Над кукушкиным гнездом

Кен Кизи

  • Аватар пользователя
    laonov10 мая 2020 г.

    Достучаться до небес

    Из нашей больницы открывался довольно мрачный вид на дом, крышу которого вечно ремонтировали.
    Часто на крыше можно было увидеть человек 12-13, и это походило на массовый приступ лунатизма.
    Особенно это было живописно на вечерней заре.
    Мы иногда спорили с санитарами, доказывая им, что этот странный дом с лунатиками — дом сумасшедших, а наш дом — нормальный, и что они всё перепутали и это не нас нужно лечить.
    Врачи смеялись над нами…
     
    Иногда они подкидывали в палаты разные книги: Карамазовых, Каренину, Идиота, Муму.
    Палата вспыхивала лиственной и внимательной тишиной.
    Санитары выжидали, и вот, начиналось представление на прогулке.
    Несчастные воображали себя персонажами книг, перепутывая всё что можно: Князь Мышкин бросался под поезд.
    Каренина, перевязав голову влажным полотенцем, общалась в семерках комнаты с чёртом, похожим на карликового мужичка.
    Вронский на скачках, как полоумный, нёсся на стуле по залу, набирал скорость и уезжал прямиком на войну освобождать сербов: Анна падала в обморок.. вместе с Толстым.
    Герасим волок за ногу к реке упирающуюся и орущую барыню, сбрасывал её с лодки в воду.
    Собака рядом улыбчиво виляла хвостом, смотря на него.
    Герасим с трудом выговаривал: сссука!
     
    А однажды к нам в палаты подкинули разрозненные части романа «Над кукушкиным гнездом».
    От нас ждали безумного представления…
    Многие вышли из палат со слезами на глазах, обнимая друг друга, словно бы впервые осознав, что безумны не они, а мир, что в этом мире что-то не так, и в нём трава, птицы, звёзды даже, мучаются не меньше людей, они хотят вымолвить что-то важное, грустное… но почему-то молчат, боясь кого-то, притворяясь немыми, как и герой романа — индеец.
     
    Клён за окном раскачивался под ветром совсем как безумный, сидя спиною к стене, прижав птиц, словно бледные колени, к груди.
    А может, он только притворяется клёном?
    Подошёл к нему, приложил ладонь к окну и прошептал: здраствуй, друг!

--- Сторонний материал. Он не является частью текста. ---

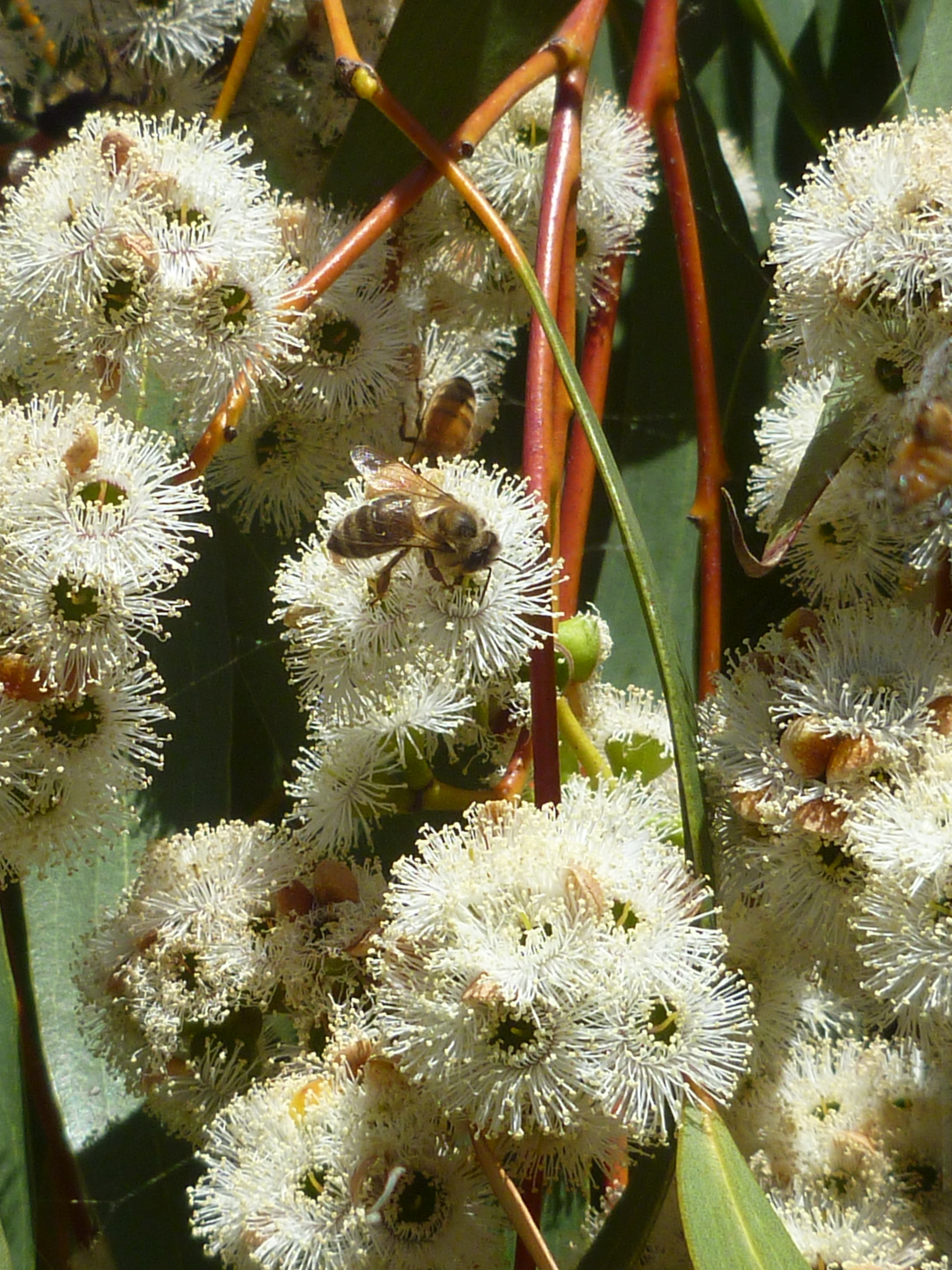 There are several eucalyptus trees in the garden, but one is a stand-out. The ghost gum (Eucalyptus pauciflora) is aptly named for its white bark. Coincidentally its ancestral home is the Snowy Mountains in Australia where it is often found standing in the snow. It is one of the few cold-tolerant species of eucalypts. Our opinions of eucalypts are heavily influenced by one particular species, the blue gum eucalyptus, because it is the predominant eucalypt in California. We often forget that there are actually 700 species of eucalyptus and therefore there are a wide variety of forms and horticultural characteristics. The ghost gum in the Bancroft Garden was flowering and swarming with bees collecting pollen and/or nectar. The flowers were close to the ground so we were able to confirm that the nectar was not at all sticky, as critics of eucalyptus often claim.

Не переживай, я тебя не обижу и не выдам!
    Санитары, сдерживая смех, смотрели за тем, как пациенты подходили к книжным шкафчикам и гладили книги, прижимали их к груди, словно бездомных зверят, а потом разрывали листы и выбрасывали их в окна, к свободным птицам, солнцу.
    Клён на миг замирал, с детской улыбкой смотрел на счастливые листы среди ветра и птиц, но через миг вновь начинал грустно раскачиваться.
     
    В романе написано про одно из тех грустных лекарств, которые делают тебя не тем что ты есть.

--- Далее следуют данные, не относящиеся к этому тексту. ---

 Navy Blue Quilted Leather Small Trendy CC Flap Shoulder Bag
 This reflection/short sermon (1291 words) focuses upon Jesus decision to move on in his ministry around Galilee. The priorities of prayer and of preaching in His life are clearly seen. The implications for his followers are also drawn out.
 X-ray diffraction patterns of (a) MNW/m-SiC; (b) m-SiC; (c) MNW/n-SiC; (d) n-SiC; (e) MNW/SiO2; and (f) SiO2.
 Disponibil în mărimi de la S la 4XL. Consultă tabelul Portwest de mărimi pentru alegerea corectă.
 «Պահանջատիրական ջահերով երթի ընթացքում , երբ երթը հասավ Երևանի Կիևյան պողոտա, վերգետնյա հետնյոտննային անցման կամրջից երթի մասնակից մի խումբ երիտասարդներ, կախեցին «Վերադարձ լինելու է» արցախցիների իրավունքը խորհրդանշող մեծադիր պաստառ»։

    А кто мы есть? Свобода в нас, душа  — одичавший и беспризорный ребёнок небес, дитя кукушки, ненужное жизни, подкинутое в этот безумный мир для какого-то чудовищного эксперимента: можно ли вообще здесь жить счастливо, просто, жить?

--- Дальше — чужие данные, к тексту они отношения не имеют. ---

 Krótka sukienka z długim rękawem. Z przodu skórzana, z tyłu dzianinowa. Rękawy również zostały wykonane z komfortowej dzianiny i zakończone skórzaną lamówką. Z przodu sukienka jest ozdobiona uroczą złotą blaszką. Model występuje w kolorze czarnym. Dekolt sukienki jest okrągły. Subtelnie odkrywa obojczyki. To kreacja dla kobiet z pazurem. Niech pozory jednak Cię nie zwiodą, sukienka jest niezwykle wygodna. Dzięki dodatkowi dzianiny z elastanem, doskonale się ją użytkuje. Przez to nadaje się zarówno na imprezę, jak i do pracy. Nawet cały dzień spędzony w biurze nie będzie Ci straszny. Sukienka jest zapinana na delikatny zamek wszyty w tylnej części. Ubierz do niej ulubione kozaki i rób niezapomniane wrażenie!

    Гёте называл кукушку — самой таинственной птицей. Она похожа на природу: сама Гретхен, соблазнённая и брошенная.
    Может, она подкладывает свои яички в чужие гнёзда, вовсе не из жестокости, а желая избавить их от себя, спасти от себя, безумной, подбросив обнажённые сердца подальше от безумного мира: в психбольницу, в ад вдохновения, в мучительную влюблённость и даже в иной порок?
    Я прочитал книгу. Закрыл глаза — книга продолжала читать и перелистывать меня, так что я шёл по стене, листая стены ослепшей рукой.
    В книге был ребёнок, сквозь щель в двери смотревший на то, как кровью истекает его связанный отец и кто-то чёрный, как тень от дерева, насилует его мать: он так и не вырос от увиденного, превратившись в жестокого карлика-санитара.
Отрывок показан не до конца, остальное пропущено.